:: What needs to be done ::
Lines from the one containing "Eine Kombination von" through the final line of the records below are needed, copied exactly, with no pictures.

:: Data for processing ::
/---

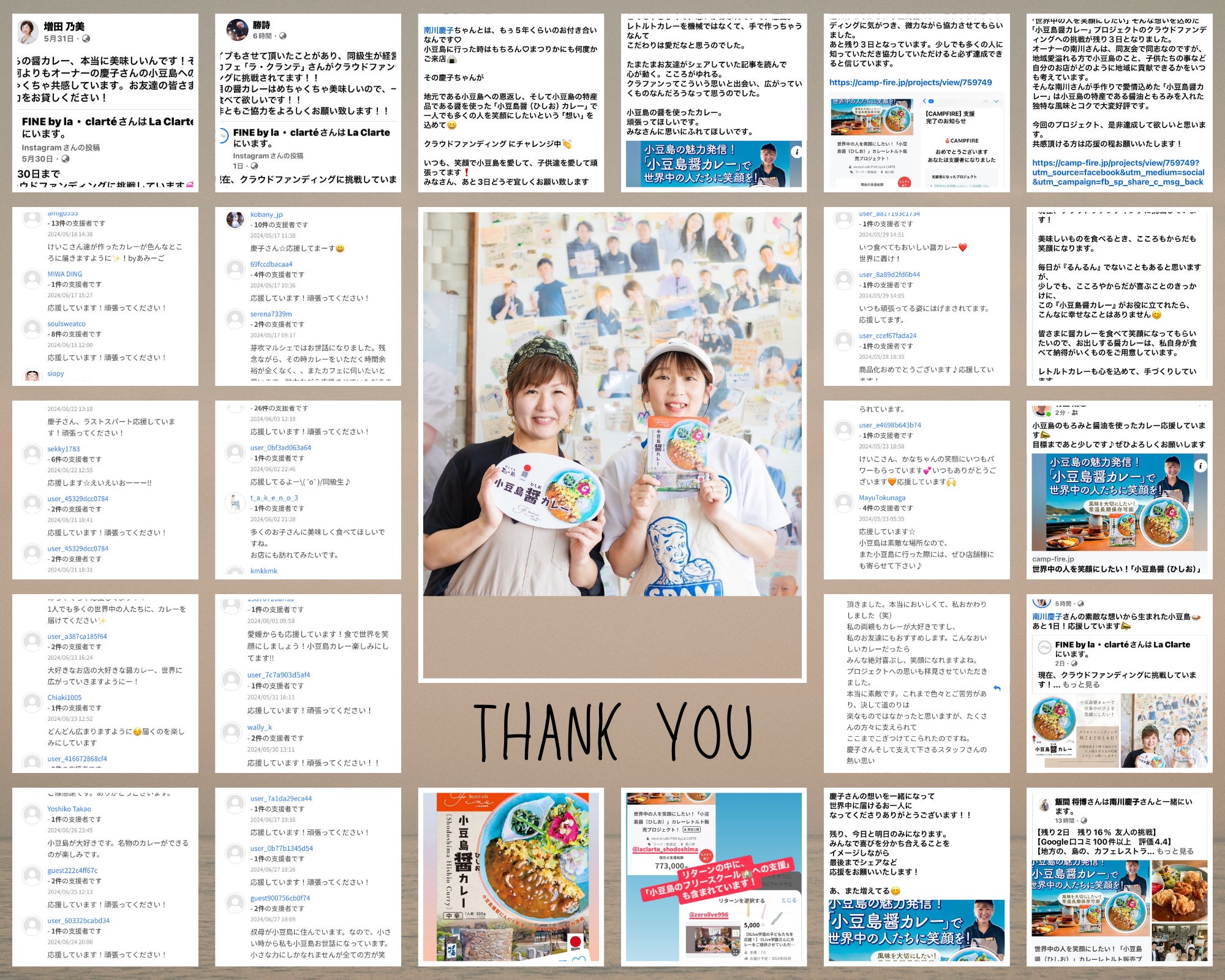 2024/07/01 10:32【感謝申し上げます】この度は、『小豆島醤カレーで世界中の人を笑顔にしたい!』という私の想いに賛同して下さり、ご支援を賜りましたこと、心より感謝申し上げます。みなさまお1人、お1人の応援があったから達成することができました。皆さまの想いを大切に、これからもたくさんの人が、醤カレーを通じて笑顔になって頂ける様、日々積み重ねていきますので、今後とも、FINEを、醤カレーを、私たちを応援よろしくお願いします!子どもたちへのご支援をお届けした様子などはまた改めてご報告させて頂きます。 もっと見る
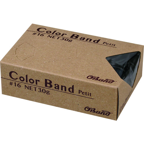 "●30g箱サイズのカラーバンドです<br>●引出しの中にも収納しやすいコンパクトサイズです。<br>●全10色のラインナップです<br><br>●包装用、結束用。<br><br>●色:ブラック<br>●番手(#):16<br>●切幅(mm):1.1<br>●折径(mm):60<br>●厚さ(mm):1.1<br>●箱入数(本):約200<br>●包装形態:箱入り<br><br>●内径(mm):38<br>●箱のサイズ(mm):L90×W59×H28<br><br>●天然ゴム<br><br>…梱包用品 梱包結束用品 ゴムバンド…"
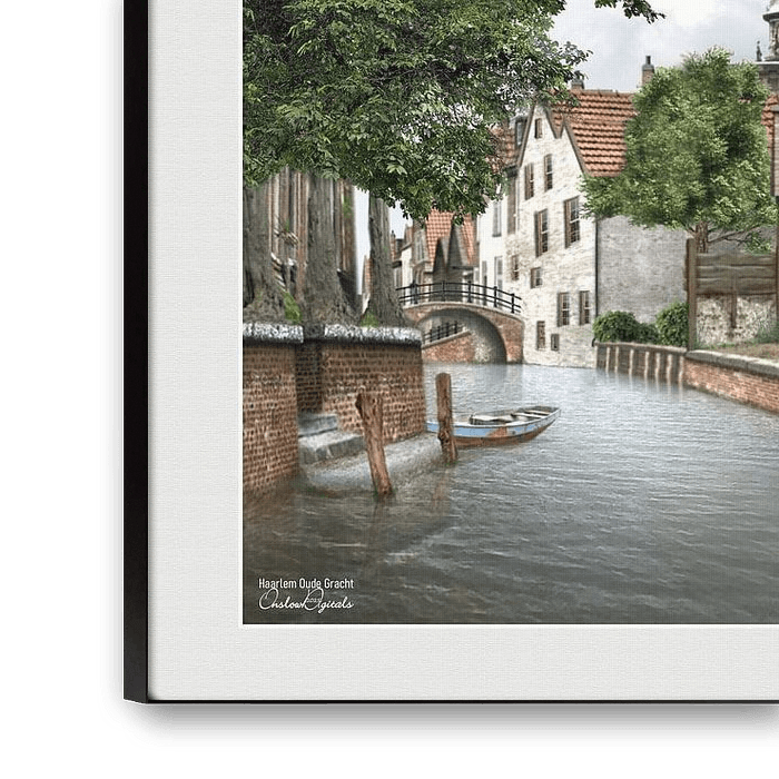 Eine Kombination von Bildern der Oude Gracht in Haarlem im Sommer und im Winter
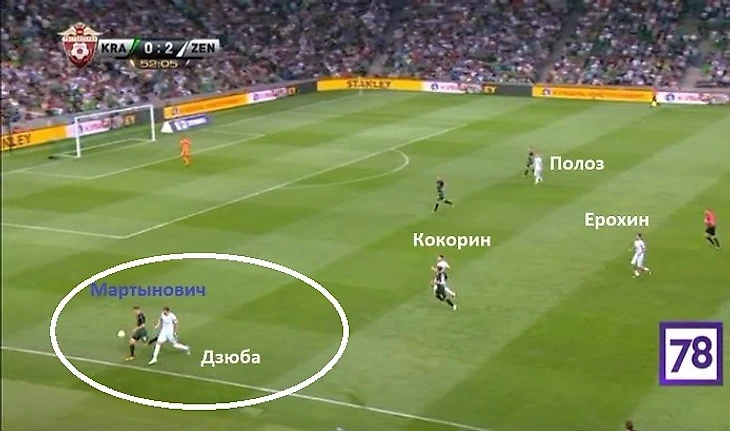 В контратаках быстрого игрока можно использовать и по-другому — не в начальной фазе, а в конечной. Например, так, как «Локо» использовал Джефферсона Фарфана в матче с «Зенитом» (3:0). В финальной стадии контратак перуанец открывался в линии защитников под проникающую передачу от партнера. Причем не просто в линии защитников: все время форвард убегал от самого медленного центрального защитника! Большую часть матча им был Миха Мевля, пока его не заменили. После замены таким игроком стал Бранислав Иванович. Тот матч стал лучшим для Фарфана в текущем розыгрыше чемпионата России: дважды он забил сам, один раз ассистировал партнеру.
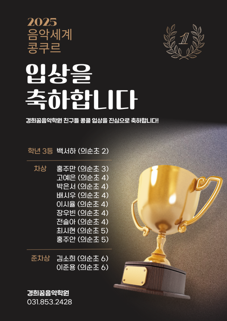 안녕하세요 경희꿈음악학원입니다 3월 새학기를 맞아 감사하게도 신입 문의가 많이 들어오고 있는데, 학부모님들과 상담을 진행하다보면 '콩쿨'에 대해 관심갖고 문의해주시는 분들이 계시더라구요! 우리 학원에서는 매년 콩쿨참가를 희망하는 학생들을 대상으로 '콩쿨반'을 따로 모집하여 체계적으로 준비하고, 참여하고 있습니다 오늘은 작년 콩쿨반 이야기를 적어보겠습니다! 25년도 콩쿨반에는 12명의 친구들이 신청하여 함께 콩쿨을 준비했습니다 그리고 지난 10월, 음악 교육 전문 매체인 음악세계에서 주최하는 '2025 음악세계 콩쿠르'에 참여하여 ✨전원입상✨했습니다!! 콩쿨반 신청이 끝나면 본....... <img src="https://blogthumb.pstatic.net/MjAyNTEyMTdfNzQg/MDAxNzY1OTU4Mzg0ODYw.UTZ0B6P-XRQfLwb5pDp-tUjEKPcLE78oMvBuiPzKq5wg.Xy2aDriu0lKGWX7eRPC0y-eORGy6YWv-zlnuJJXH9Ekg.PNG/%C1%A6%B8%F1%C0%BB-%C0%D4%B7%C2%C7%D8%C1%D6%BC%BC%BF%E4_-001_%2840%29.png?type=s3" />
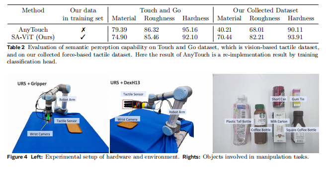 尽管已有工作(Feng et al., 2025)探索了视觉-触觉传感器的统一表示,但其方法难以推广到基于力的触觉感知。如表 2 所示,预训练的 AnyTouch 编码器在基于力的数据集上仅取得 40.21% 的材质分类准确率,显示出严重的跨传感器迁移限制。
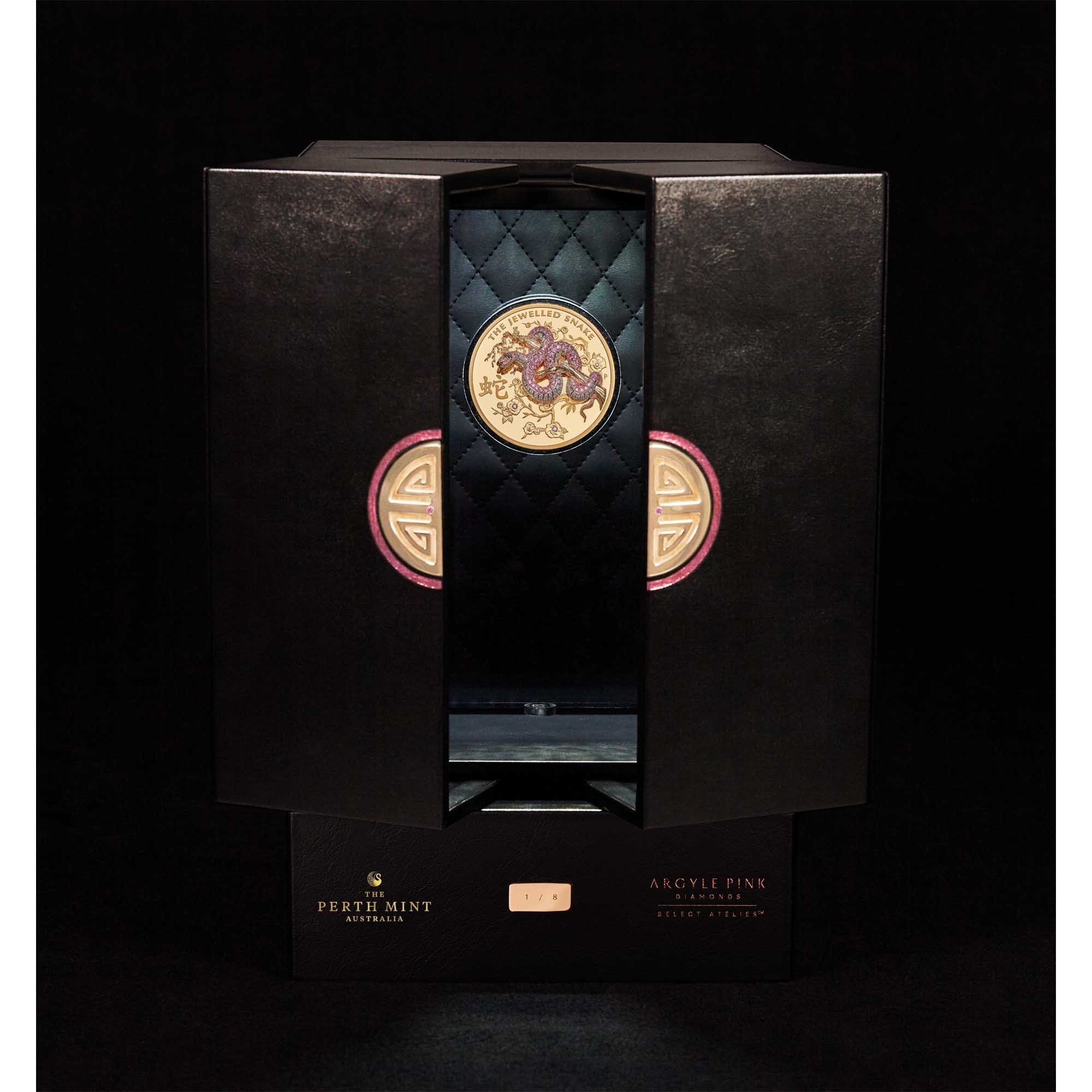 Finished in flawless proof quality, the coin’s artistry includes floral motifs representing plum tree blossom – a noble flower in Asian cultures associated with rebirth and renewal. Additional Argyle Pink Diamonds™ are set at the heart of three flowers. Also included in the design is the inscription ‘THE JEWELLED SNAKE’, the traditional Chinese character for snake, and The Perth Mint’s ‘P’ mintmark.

\---

:: Exercise solution ::
 Eine Kombination von Bildern der Oude Gracht in Haarlem im Sommer und im Winter
 В контратаках быстрого игрока можно использовать и по-другому — не в начальной фазе, а в конечной. Например, так, как «Локо» использовал Джефферсона Фарфана в матче с «Зенитом» (3:0). В финальной стадии контратак перуанец открывался в линии защитников под проникающую передачу от партнера. Причем не просто в линии защитников: все время форвард убегал от самого медленного центрального защитника! Большую часть матча им был Миха Мевля, пока его не заменили. После замены таким игроком стал Бранислав Иванович. Тот матч стал лучшим для Фарфана в текущем розыгрыше чемпионата России: дважды он забил сам, один раз ассистировал партнеру.
 안녕하세요 경희꿈음악학원입니다 3월 새학기를 맞아 감사하게도 신입 문의가 많이 들어오고 있는데, 학부모님들과 상담을 진행하다보면 '콩쿨'에 대해 관심갖고 문의해주시는 분들이 계시더라구요! 우리 학원에서는 매년 콩쿨참가를 희망하는 학생들을 대상으로 '콩쿨반'을 따로 모집하여 체계적으로 준비하고, 참여하고 있습니다 오늘은 작년 콩쿨반 이야기를 적어보겠습니다! 25년도 콩쿨반에는 12명의 친구들이 신청하여 함께 콩쿨을 준비했습니다 그리고 지난 10월, 음악 교육 전문 매체인 음악세계에서 주최하는 '2025 음악세계 콩쿠르'에 참여하여 ✨전원입상✨했습니다!! 콩쿨반 신청이 끝나면 본....... <img src="https://blogthumb.pstatic.net/MjAyNTEyMTdfNzQg/MDAxNzY1OTU4Mzg0ODYw.UTZ0B6P-XRQfLwb5pDp-tUjEKPcLE78oMvBuiPzKq5wg.Xy2aDriu0lKGWX7eRPC0y-eORGy6YWv-zlnuJJXH9Ekg.PNG/%C1%A6%B8%F1%C0%BB-%C0%D4%B7%C2%C7%D8%C1%D6%BC%BC%BF%E4_-001_%2840%29.png?type=s3" />
 尽管已有工作(Feng et al., 2025)探索了视觉-触觉传感器的统一表示,但其方法难以推广到基于力的触觉感知。如表 2 所示,预训练的 AnyTouch 编码器在基于力的数据集上仅取得 40.21% 的材质分类准确率,显示出严重的跨传感器迁移限制。
 Finished in flawless proof quality, the coin’s artistry includes floral motifs representing plum tree blossom – a noble flower in Asian cultures associated with rebirth and renewal. Additional Argyle Pink Diamonds™ are set at the heart of three flowers. Also included in the design is the inscription ‘THE JEWELLED SNAKE’, the traditional Chinese character for snake, and The Perth Mint’s ‘P’ mintmark.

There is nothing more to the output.